19But when her owners saw that their hope of making money was gone, they seized Paul and Silas and dragged them into the marketplace before the authorities. 20When they had brought them before the magistrates, they said, "These men are disturbing our city; they are Jews 21and are advocating customs that are not lawful for us as Romans to adopt or observe." 22The crowd joined in attacking them, and the magistrates had them stripped of their clothing and ordered them to be beaten with rods. 23After they had given them a severe flogging, they threw them into prison and ordered the jailer to keep them securely. 24Following these instructions, he put them in the innermost cell and fastened their feet in the stocks.
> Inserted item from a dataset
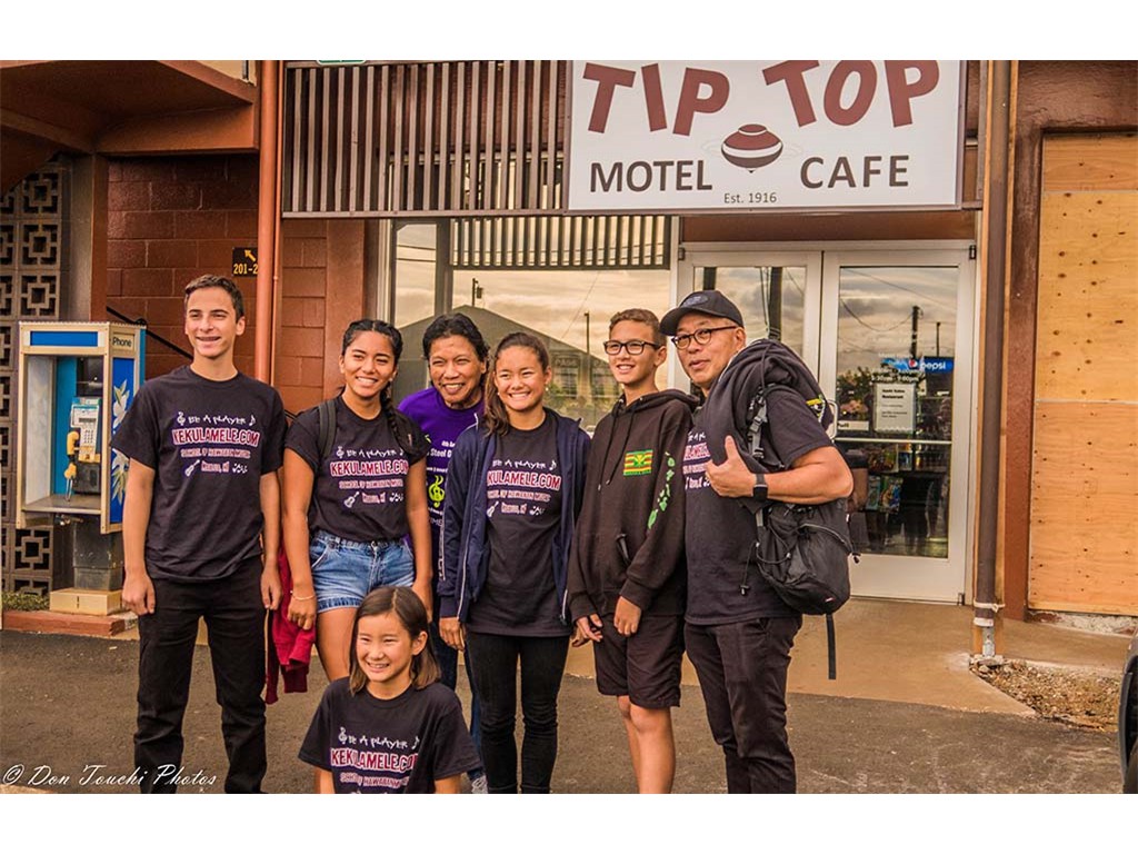 Breakfast after Friday's school visitation was at Tip Top Cafe. From left: Ethan Goore, Mālie Lyman, Tai Misailidis, Bobby Ingano, Joey Misailidis, Pono Fernandez, and Alan Akaka.

25About midnight Paul and Silas were praying and singing hymns to God, and the prisoners were listening to them. 26Suddenly there was an earthquake, so violent that the foundations of the prison were shaken; and immediately all the doors were opened and everyone's chains were unfastened. 27When the jailer woke up and saw the prison doors wide open, he drew his sword and was about to kill himself, since he supposed that the prisoners had escaped. 28But Paul shouted in a loud voice, "Do not harm yourself, for we are all here." 29The jailer called for lights, and rushing in, he fell down trembling before Paul and Silas. 30Then he brought them outside and said, "Sirs, what must I do to be saved?" 31They answered, "Believe on the Lord Jesus, and you will be saved, you and your household." 32They spoke the word of the Lord to him and to all who were in his house. 33At the same hour of the night he took them and washed their wounds; then he and his entire family were baptized without delay. 34He brought them up into the house and set food before them; and he and his entire household rejoiced that he had become a believer in God.